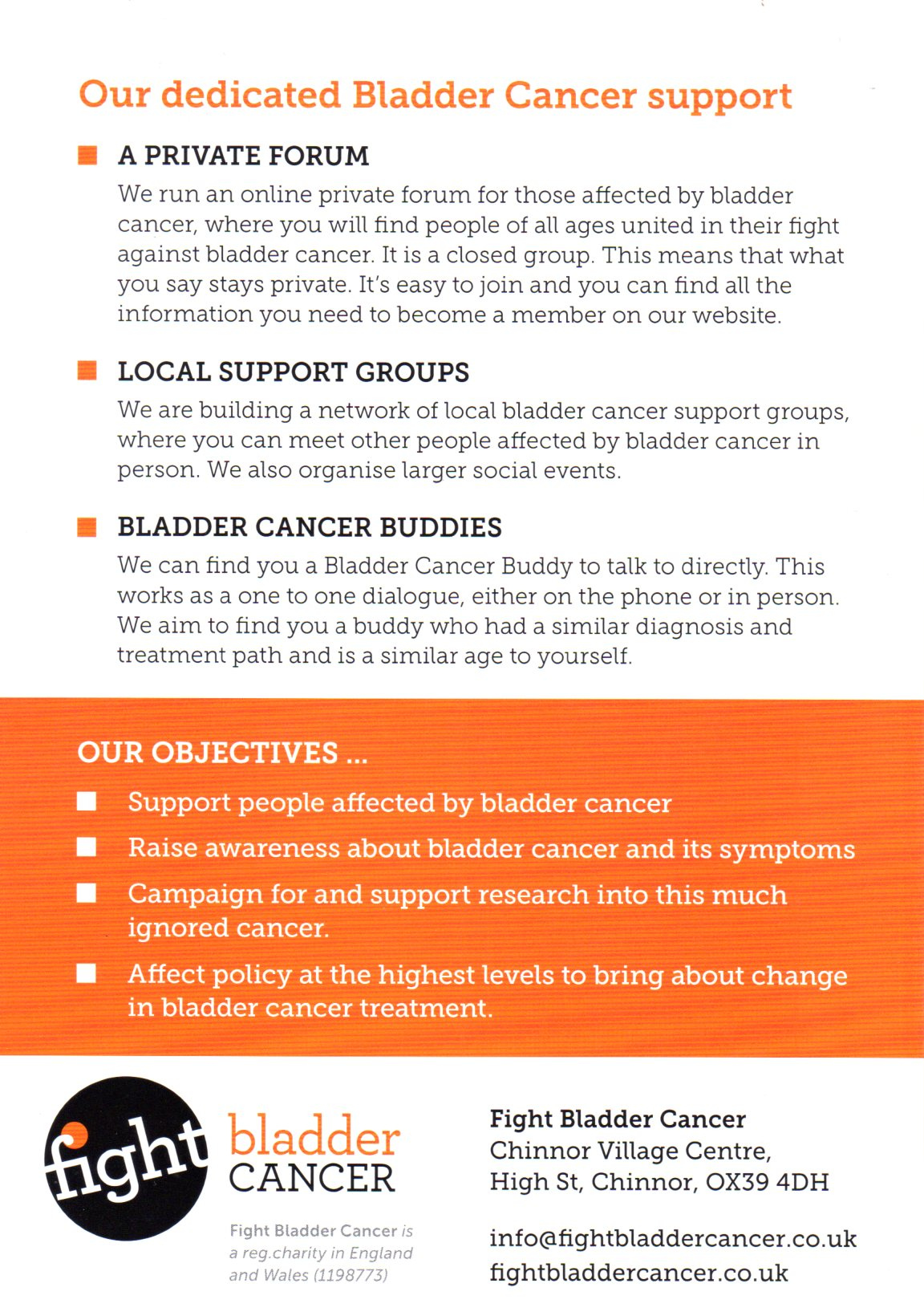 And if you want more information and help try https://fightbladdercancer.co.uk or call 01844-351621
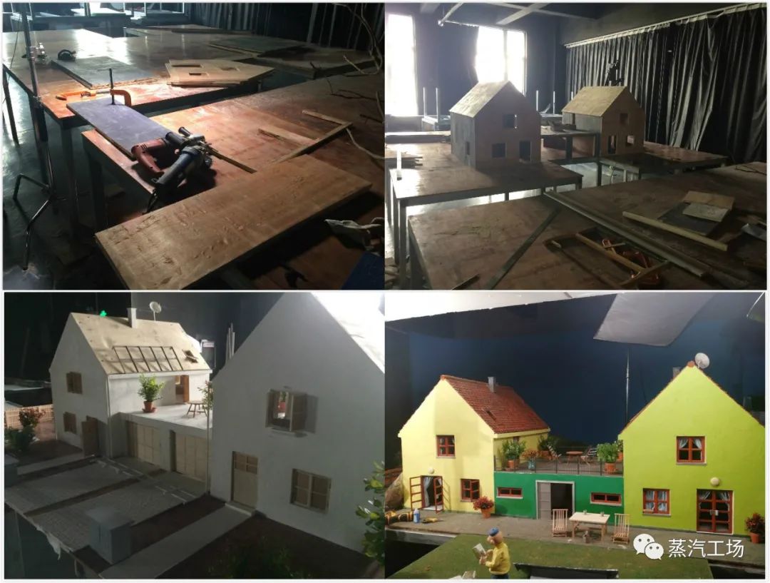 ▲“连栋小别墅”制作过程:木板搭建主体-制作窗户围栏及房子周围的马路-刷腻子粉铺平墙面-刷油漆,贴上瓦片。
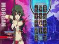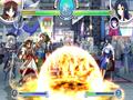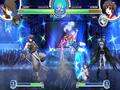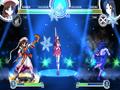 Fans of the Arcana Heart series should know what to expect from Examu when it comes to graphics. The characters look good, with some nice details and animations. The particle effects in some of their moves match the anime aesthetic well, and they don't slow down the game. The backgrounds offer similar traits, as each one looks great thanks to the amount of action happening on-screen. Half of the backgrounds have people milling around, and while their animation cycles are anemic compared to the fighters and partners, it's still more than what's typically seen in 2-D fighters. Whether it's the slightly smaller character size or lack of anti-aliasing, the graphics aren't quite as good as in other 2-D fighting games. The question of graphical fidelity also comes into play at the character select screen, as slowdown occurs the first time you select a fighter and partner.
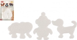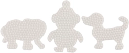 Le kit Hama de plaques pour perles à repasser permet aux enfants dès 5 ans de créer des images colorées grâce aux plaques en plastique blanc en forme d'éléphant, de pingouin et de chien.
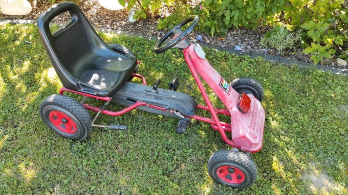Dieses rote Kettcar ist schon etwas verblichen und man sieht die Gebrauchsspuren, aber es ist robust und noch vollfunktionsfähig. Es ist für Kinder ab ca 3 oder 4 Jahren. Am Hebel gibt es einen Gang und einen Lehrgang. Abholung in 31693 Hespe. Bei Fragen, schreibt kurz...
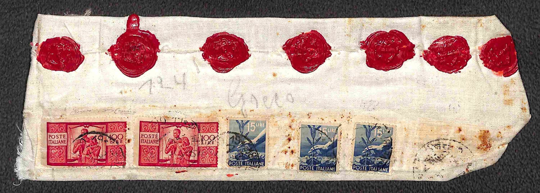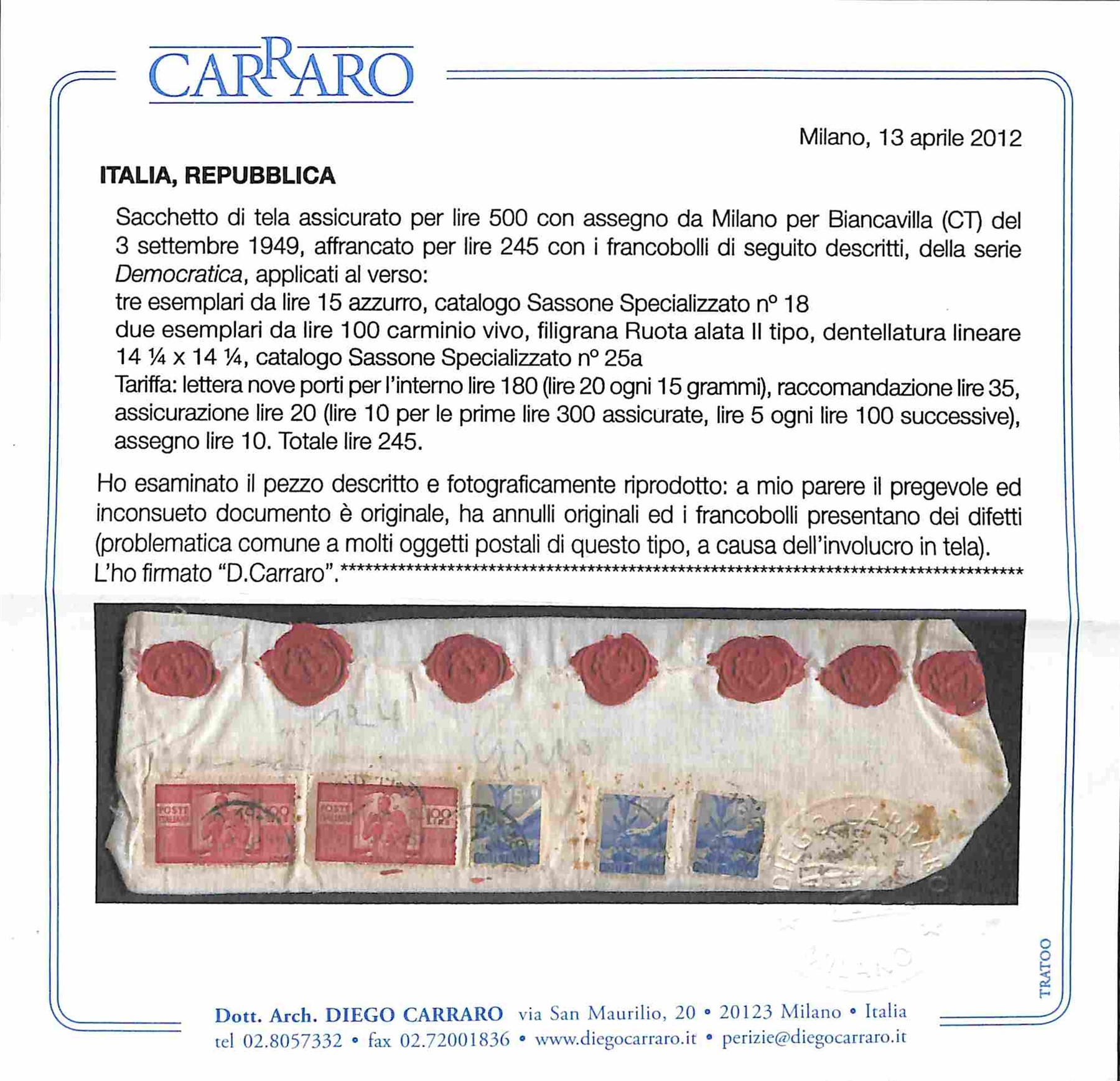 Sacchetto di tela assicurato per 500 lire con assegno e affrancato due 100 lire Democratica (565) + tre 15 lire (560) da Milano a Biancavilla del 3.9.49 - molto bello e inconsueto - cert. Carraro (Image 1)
==
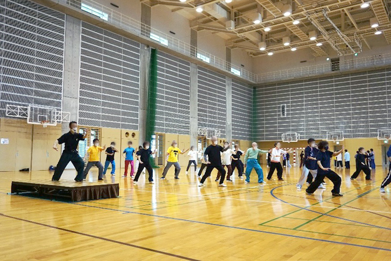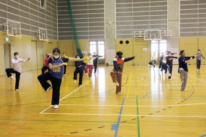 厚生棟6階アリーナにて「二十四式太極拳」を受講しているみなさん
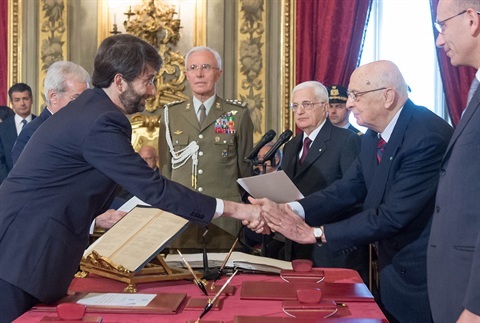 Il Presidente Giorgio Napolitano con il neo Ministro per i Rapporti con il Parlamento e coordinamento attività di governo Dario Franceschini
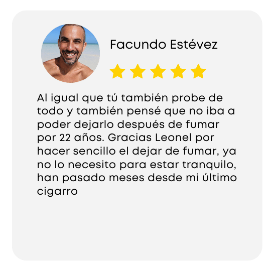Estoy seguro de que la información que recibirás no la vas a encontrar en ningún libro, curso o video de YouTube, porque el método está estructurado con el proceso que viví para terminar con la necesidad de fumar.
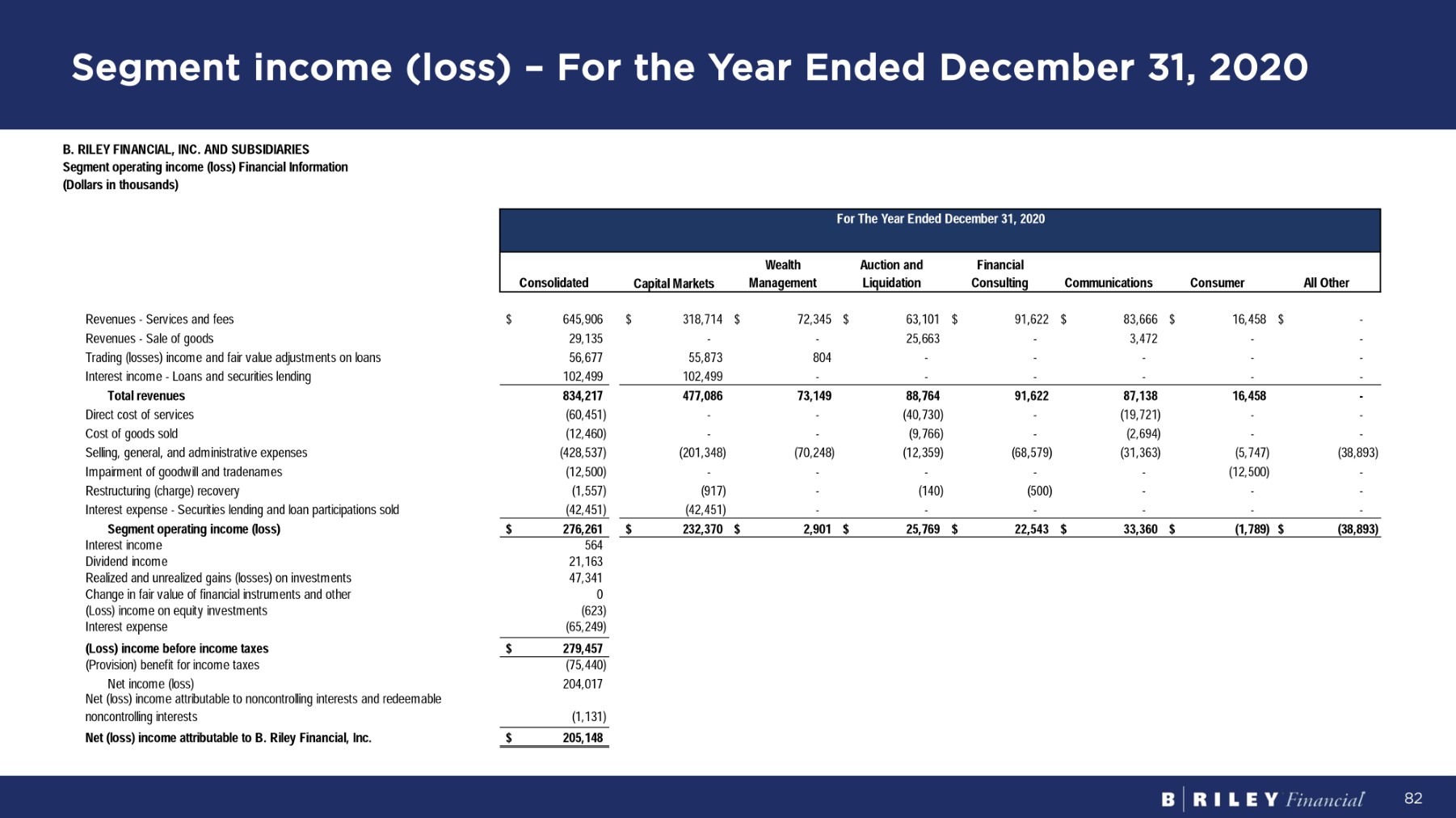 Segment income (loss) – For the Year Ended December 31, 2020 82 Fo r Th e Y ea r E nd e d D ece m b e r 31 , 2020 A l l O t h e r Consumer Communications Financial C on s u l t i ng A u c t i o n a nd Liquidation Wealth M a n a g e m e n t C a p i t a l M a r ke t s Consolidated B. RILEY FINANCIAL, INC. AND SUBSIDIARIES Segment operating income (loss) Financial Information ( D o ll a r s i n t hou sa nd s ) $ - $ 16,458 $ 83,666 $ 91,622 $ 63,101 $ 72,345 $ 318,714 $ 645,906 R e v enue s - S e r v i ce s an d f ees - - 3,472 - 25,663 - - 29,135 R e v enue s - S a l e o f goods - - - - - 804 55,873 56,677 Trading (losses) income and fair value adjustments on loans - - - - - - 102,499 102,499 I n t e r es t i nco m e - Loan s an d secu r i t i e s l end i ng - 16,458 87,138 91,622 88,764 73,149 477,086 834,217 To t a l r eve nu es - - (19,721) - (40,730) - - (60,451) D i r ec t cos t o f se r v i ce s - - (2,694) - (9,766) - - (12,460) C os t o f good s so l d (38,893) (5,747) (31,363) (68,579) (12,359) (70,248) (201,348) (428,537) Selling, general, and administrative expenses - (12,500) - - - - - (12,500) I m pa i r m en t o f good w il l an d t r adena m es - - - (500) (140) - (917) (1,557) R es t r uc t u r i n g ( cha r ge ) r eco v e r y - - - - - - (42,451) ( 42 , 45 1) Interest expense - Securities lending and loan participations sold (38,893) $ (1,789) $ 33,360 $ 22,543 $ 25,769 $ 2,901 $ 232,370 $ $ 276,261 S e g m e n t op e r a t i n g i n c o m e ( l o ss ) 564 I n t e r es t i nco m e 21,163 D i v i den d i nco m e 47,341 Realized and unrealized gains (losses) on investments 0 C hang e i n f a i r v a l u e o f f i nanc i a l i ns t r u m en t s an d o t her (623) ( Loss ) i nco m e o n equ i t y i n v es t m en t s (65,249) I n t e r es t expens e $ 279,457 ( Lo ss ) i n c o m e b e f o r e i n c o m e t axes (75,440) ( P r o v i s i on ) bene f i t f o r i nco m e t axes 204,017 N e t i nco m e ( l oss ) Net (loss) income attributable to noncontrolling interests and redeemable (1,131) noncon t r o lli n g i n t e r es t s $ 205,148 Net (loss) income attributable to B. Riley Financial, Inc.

• **Instructions to follow**
With pictures excluded, reproduce exactly the lines above from the one containing "And if you want" down to the one containing "Sacchetto di tela", those two included.

• **Response to the task**
 And if you want more information and help try https://fightbladdercancer.co.uk or call 01844-351621
 ▲“连栋小别墅”制作过程:木板搭建主体-制作窗户围栏及房子周围的马路-刷腻子粉铺平墙面-刷油漆,贴上瓦片。
 Fans of the Arcana Heart series should know what to expect from Examu when it comes to graphics. The characters look good, with some nice details and animations. The particle effects in some of their moves match the anime aesthetic well, and they don't slow down the game. The backgrounds offer similar traits, as each one looks great thanks to the amount of action happening on-screen. Half of the backgrounds have people milling around, and while their animation cycles are anemic compared to the fighters and partners, it's still more than what's typically seen in 2-D fighters. Whether it's the slightly smaller character size or lack of anti-aliasing, the graphics aren't quite as good as in other 2-D fighting games. The question of graphical fidelity also comes into play at the character select screen, as slowdown occurs the first time you select a fighter and partner.
 Le kit Hama de plaques pour perles à repasser permet aux enfants dès 5 ans de créer des images colorées grâce aux plaques en plastique blanc en forme d'éléphant, de pingouin et de chien.
Dieses rote Kettcar ist schon etwas verblichen und man sieht die Gebrauchsspuren, aber es ist robust und noch vollfunktionsfähig. Es ist für Kinder ab ca 3 oder 4 Jahren. Am Hebel gibt es einen Gang und einen Lehrgang. Abholung in 31693 Hespe. Bei Fragen, schreibt kurz...
 Sacchetto di tela assicurato per 500 lire con assegno e affrancato due 100 lire Democratica (565) + tre 15 lire (560) da Milano a Biancavilla del 3.9.49 - molto bello e inconsueto - cert. Carraro (Image 1)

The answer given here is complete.